Hack the vote: Cyber experts say ballot machines easy targets

From: foxnews.com,  by Malia Zimmerman,  on June 14, 2015,  see the article HERE. Emphasis is Garnet92’s

Sharon Franz, right, votes at one of five electronic voting machines, as over a 100 people stand in an two hour line to cast their ballots on the campus of Brigham Young University in Provo, Utah, Feb. 5, 2008. Five voting districts were combined into this one location with only five voting machines available for voting, causing a backlog. (AP Photo/George Frey)

The recent cyber theft of millions of personnel records from the federal government was sophisticated and potentially crippling, but hackers with just rudimentary skills could easily do even more damage by targeting voting machines, according to security experts.

Voter fraud is nearly as old as elections themselves, and different states and precincts use different voting systems and machines. But in many cases, even the electronic ballots could be manipulated remotely, according to a new report by the Commonwealth Security and Risk Management for the Virginia Information Technologies Agency.
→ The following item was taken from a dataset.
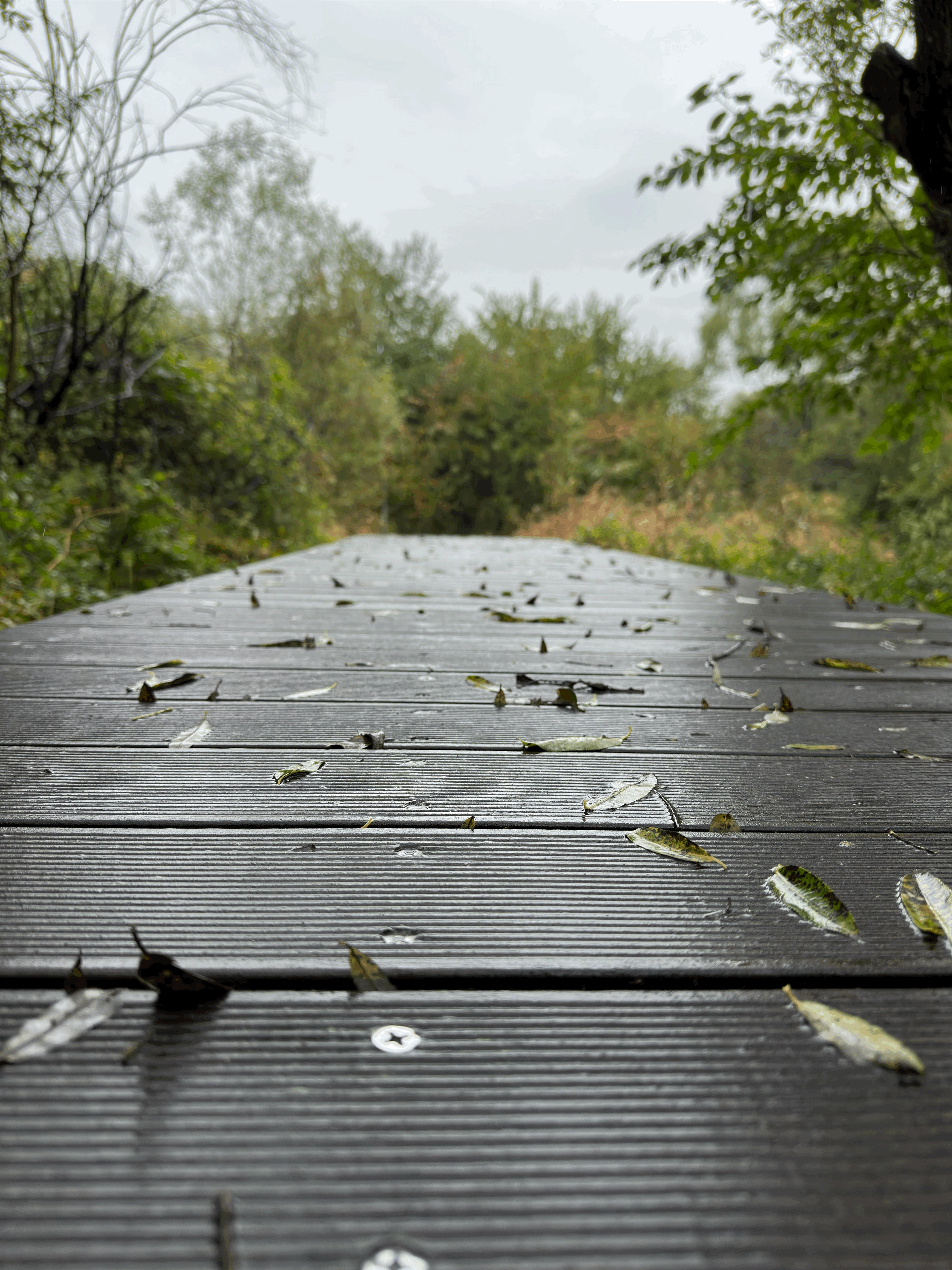이 날은 비가 부슬 부슬 내리는 날이었는데 분위기가 더욱 운치 있었습니다. 계단을 내려가 본격적인 산책을 해봅니다. 갈래길이 3곳인데 가운데 데크길로 들어가 봤습니다.

That report found that the AVS WINVote machines Virginia has used since 2002 have such flimsy security that an amateur hacker could change votes from outside a polling location.

“Our entire democracy depends on systems with minimal, easily bypassed security.”

– Cris Thomas, Tenable Network Security,

“This means anyone could have broken into the machines from the parking lot,” said Cris Thomas, a strategist with the Columbia, Md.-based Tenable Network Security, one of the nation’s leading cyber and enterprise security firms. “Our entire democracy depends on systems with minimal, easily bypassed security.” 

The report was commissioned after one precinct in Virginia reported “unusual activity with some of the devices used to capture votes,” during last November’s statewide elections.

“Security deficiencies were identified in multiple areas, including physical controls, network access, operating system controls, data protection, and the voting tally process,” the report found. “The combination of critical vulnerabilities in these areas, along with the ability to remotely modify votes discretely, is considered to present a significant risk. This heightened level of risk has led VITA security staff to conclude that malicious third party could be able to alter votes on these devices. These machines should not remain in service.”

Mississippi and Pennsylvania decertified the machines years ago, because they used an outdated version of Windows that had not been updated since 2004 and had default passwords that could allow for wifi access, Thomas noted.

The report is “very alarming,” said Hans von Spakovsky, manager of Election Law Reform Initiative and senior legal fellow for The Heritage Foundation, noting while there is no evidence that a Virginia election was compromised because of these security vulnerabilities in the WINVote machines, but there is no way to really know.

“Anyone who thinks that there are not folks out there – from lone hackers to foreign governments – who are willing to exploit the security vulnerabilities of our election system is living in a fantasy world,” said von Spakovsky, who co-authored the book, “Who’s Counting? How Fraudsters and Bureaucrats Put Your Vote at Risk.”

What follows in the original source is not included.